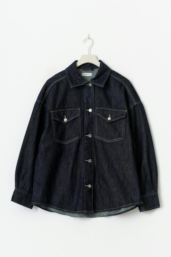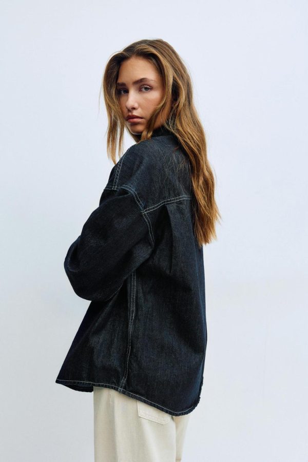 Jeansskjorta utan stretch med oversize fit. Skjortan är mörkblå och har knäppning fram. Den har krage, bröstfickor med lock och lång ärm med knapp och manschett.
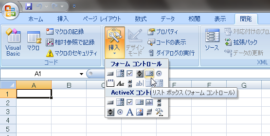 ワークシート上でリストボックスを使うには次のようにします。
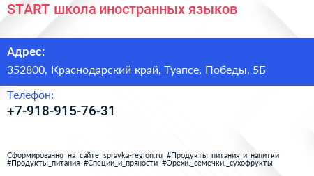 START, школа иностранных языков по адресу 352800, Краснодарский край, Туапсе, Победы, 5Б в дальнейшем Организация, размещена в следующих категориях:
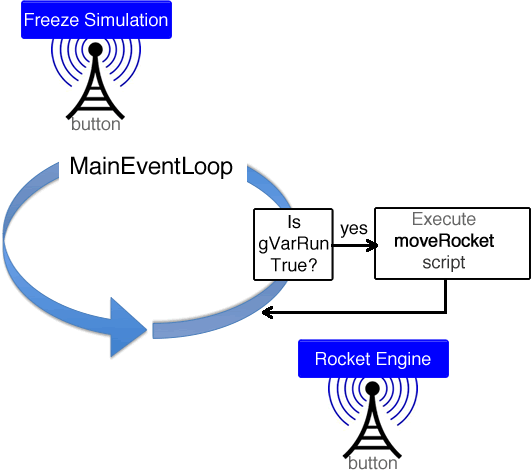 On the card script there is a procedure called "MainEventLoop" that creates a loop. A second procedure called "moveRocket" is triggered during each loop. This loop continues as long as the global variable "gVarRun" is true. While the loop is executing, LiveCode is able to "listen" to any buttons (or other events) that might also be triggered. In this project, there are two buttons that the user can press. The first turns on and off the rocket's engine. The second button allows the user to "freeze" or "unfreeze" the simulation (this is useful when developing the app, but is something that would be hidden, or deleted, after the app is finished and ready to be distributed).
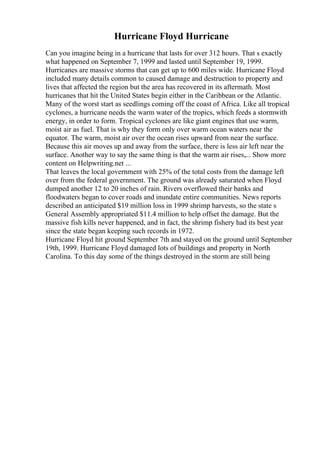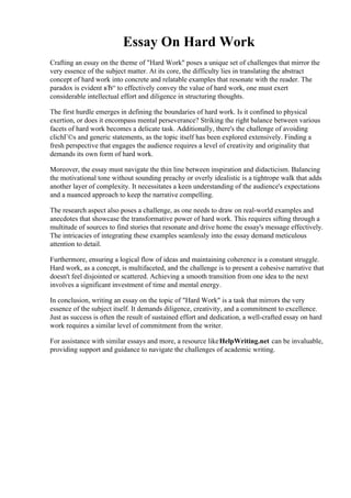 The document discusses the challenges of writing an essay on the theme of hard work, emphasizing the need for original thought, creativity, and effective structure to engage readers. It also covers various topics including the impact of Hurricane Floyd, a literary analysis of Amy Lowell's poem, the effects of air pollution, and the significance of virtuous leadership in combating negative work environments. The overarching theme connects the necessity of effort and diligence in both writing and real-life situations.
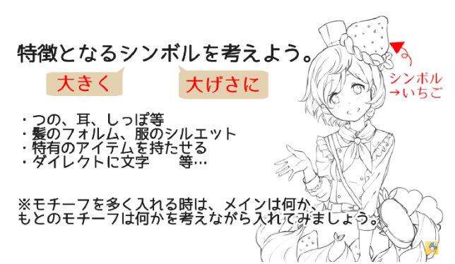 具体的东西有两个,耳朵,尾巴等,头发的形状,衣服的剪影,特有的物品,更直接的文字。
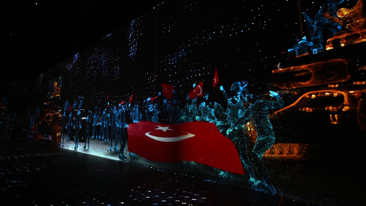 Ziyaretçiler, 15 Temmuz darbe girişiminin başlamasından önlenmesine kadarki süreçte yaşananları, video projeksiyon uygulamasıyla "En uzun gece" salonunda izleyebiliyor.
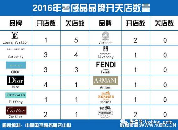 总体来说,奢侈品的实体店,受电商的冲击是相对比较小的,所以大牌们的大趋势是继续开店,但与此同时也在关闭业绩不理想的店面。2016年,奢侈品大牌们总共开了24家店,关了15家。
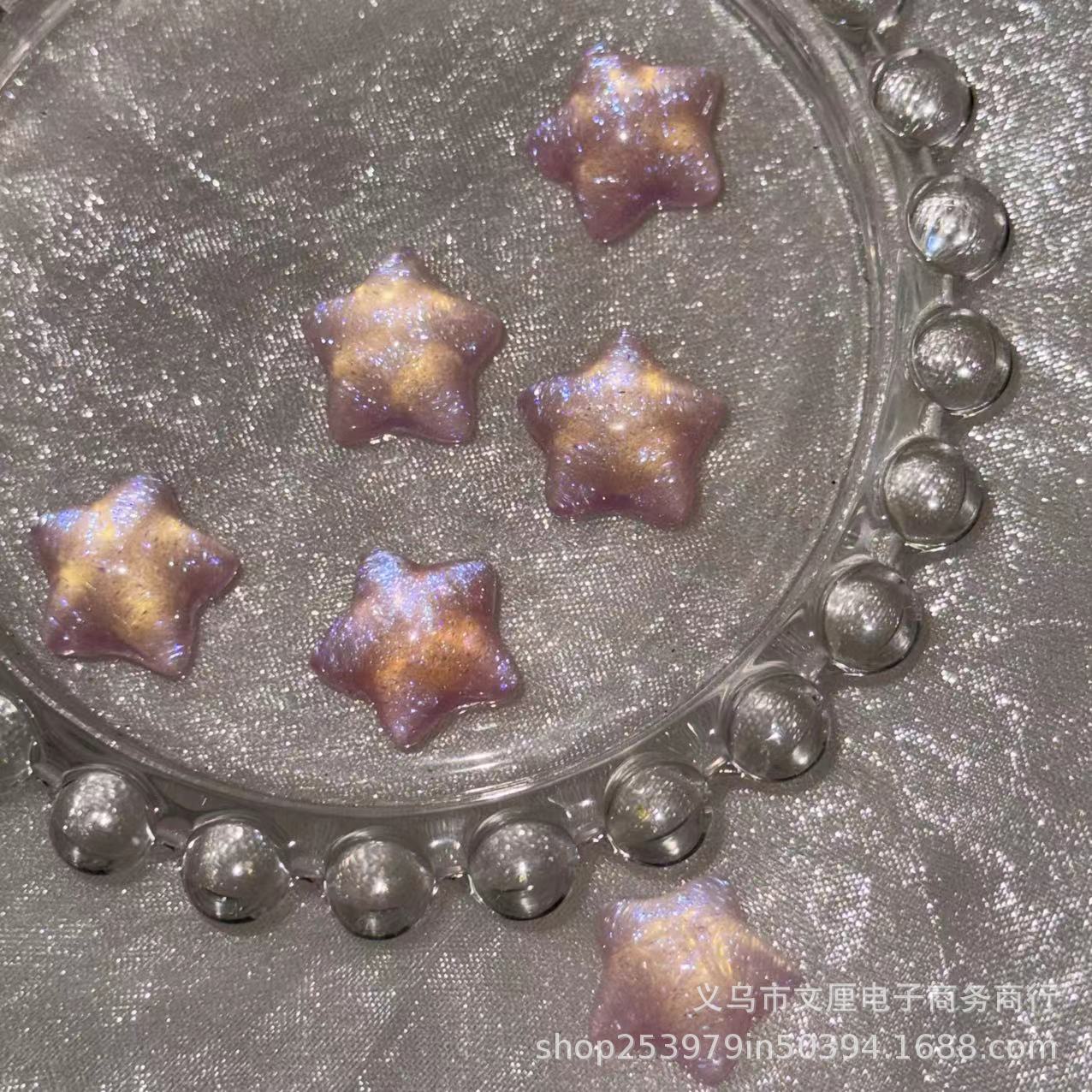Fine flash pink cahaya air rasa bintang berujung lima bercahaya diy buatan tangan desain perifer dimensi Jepang pasir apung hairpin bahan
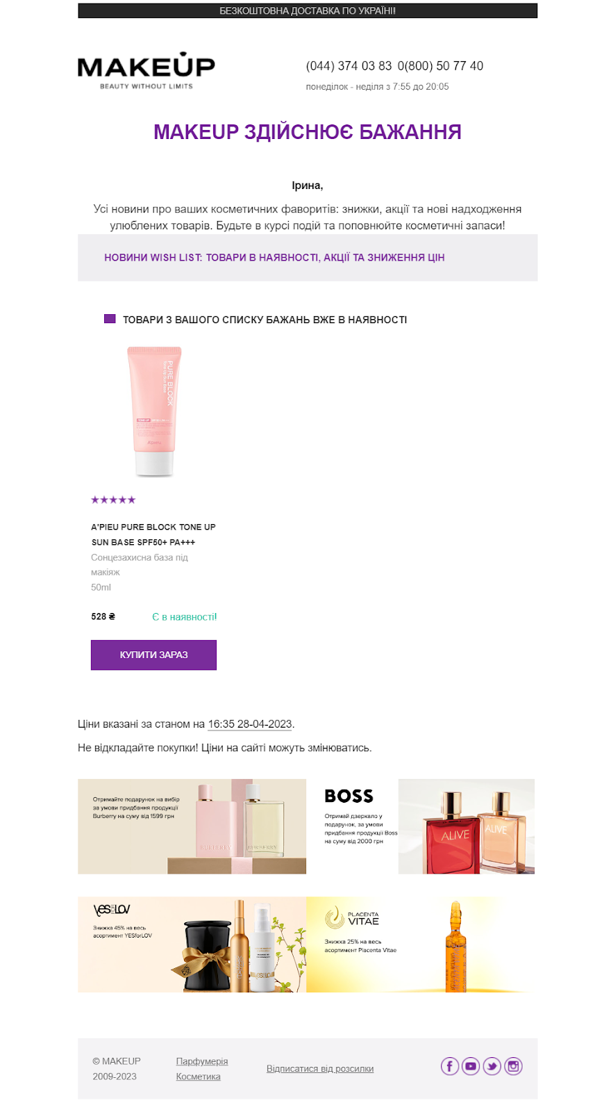 MAKEUP інформує користувачів, коли бажаний товар з’являється в наявності і вказує актуальну ціну, що змушує клієнта швидко прийняти рішення.
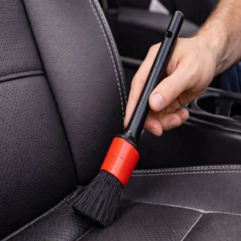 Zestaw pędzli detailingowych do auta w różnych rozmiarach umożliwia precyzyjne czyszczenie wnętrza oraz elementów zewnętrznych samochodu. Miękkie, elastyczne włosie skutecznie usuwa kurz, piasek i zabrudzenia z nawiewów, szczelin, emblematów, felg czy kratek wentylacyjnych, nie powodując zarysowań.

**What is required:**
Reproduce the material exactly. Pictures stay out.

**Answer space:**
 Jeansskjorta utan stretch med oversize fit. Skjortan är mörkblå och har knäppning fram. Den har krage, bröstfickor med lock och lång ärm med knapp och manschett.
 ワークシート上でリストボックスを使うには次のようにします。
 START, школа иностранных языков по адресу 352800, Краснодарский край, Туапсе, Победы, 5Б в дальнейшем Организация, размещена в следующих категориях:
 On the card script there is a procedure called "MainEventLoop" that creates a loop. A second procedure called "moveRocket" is triggered during each loop. This loop continues as long as the global variable "gVarRun" is true. While the loop is executing, LiveCode is able to "listen" to any buttons (or other events) that might also be triggered. In this project, there are two buttons that the user can press. The first turns on and off the rocket's engine. The second button allows the user to "freeze" or "unfreeze" the simulation (this is useful when developing the app, but is something that would be hidden, or deleted, after the app is finished and ready to be distributed).
 The document discusses the challenges of writing an essay on the theme of hard work, emphasizing the need for original thought, creativity, and effective structure to engage readers. It also covers various topics including the impact of Hurricane Floyd, a literary analysis of Amy Lowell's poem, the effects of air pollution, and the significance of virtuous leadership in combating negative work environments. The overarching theme connects the necessity of effort and diligence in both writing and real-life situations.
 具体的东西有两个,耳朵,尾巴等,头发的形状,衣服的剪影,特有的物品,更直接的文字。
 Ziyaretçiler, 15 Temmuz darbe girişiminin başlamasından önlenmesine kadarki süreçte yaşananları, video projeksiyon uygulamasıyla "En uzun gece" salonunda izleyebiliyor.
 总体来说,奢侈品的实体店,受电商的冲击是相对比较小的,所以大牌们的大趋势是继续开店,但与此同时也在关闭业绩不理想的店面。2016年,奢侈品大牌们总共开了24家店,关了15家。
Fine flash pink cahaya air rasa bintang berujung lima bercahaya diy buatan tangan desain perifer dimensi Jepang pasir apung hairpin bahan
 MAKEUP інформує користувачів, коли бажаний товар з’являється в наявності і вказує актуальну ціну, що змушує клієнта швидко прийняти рішення.
 Zestaw pędzli detailingowych do auta w różnych rozmiarach umożliwia precyzyjne czyszczenie wnętrza oraz elementów zewnętrznych samochodu. Miękkie, elastyczne włosie skutecznie usuwa kurz, piasek i zabrudzenia z nawiewów, szczelin, emblematów, felg czy kratek wentylacyjnych, nie powodując zarysowań.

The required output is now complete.